Personal information
- Full name: Barbara Leibssle-Balogh
- Born: 22 October 1985 (age 40) Budapest, Hungary
- Nationality: Hungarian
- Height: 1.86 m (6 ft 1 in)
- Playing position: Line Player

Club information
- Current club: Retired

Youth career
- Years: Team
- 0000–2002: Vasas SC

Senior clubs
- Years: Team
- 2002–2004: Vasas SC
- 2004–2009: Dunaferr SE
- 2009–2011: Ferencvárosi TC
- 2011–2015: TuS Metzingen
- 2017–2018: TG Nürtingen

National team
- Years: Team / Apps / (Gls)
- 2008–2010: Hungary / 17 / (15)

= Barbara Leibssle-Balogh =

Hungarian handball player (born 1985)

Barbara Leibssle-Balogh (born 22 October 1985 in Budapest) is a retired Hungarian handballer.

She started to play handball at the age of seven, and three years later, in 1995, she was signed by Vasas SC. She spent her youth years there, and made her senior debut in 2002. She moved to Dunaferr SE in 2004, where beside playing handball she also studied on the College of Dunaújváros. She signed to Ferencváros in early 2009.

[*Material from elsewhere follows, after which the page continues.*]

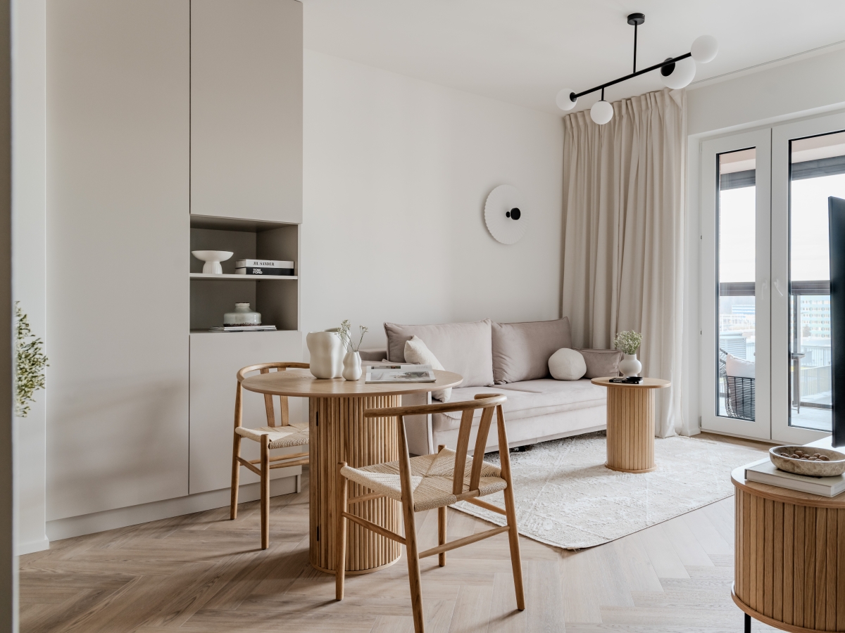 Ma zaledwie 36 m2, lecz – przedłużone przeszkloną loggią – wydaje się większe. Zlokalizowane na wyższym piętrze Tobaco Park II przy ulicy Kopernika zostało zaprojektowane przez Martynę Midel. – Jest oszczędne w wyrazie, z maksymalnym wykorzystaniem przestrzeni, w odcieniach neutralnych – współczesnych i zarazem ponadczasowych. Naturalne, jasne drewno ociepla całość. Szafkę RTV, stół i stolik kawowy, łączy, poza materiałem, wykończenie w formie lameli – wymienia architektka.

Balogh made her international debut on 14 October 2008 against France. She participated on the European Championship yet in that year, however, up to the present it remained the only major international tournament she was picked for.

==Achievements==
- Nemzeti Bajnokság I:
  - Silver Medallist: 2005, 2008, 2009
  - Bronze Medallist: 2006, 2007, 2011
- Magyar Kupa:
  - Silver Medallist: 2005, 2010
  - Bronze Medallist: 2007
- EHF Champions League:
  - Semifinalist: 2005
- EHF Cup:
  - Semifinalist: 2008
- EHF Cup Winners' Cup:
  - Winner: 2011
- Youth European Championship:
  - Bronze Medallist: 2003
- World University Championship:
  - Winner: 2010

== Personal life ==

She is married to German handball coach, Mike Leibssle.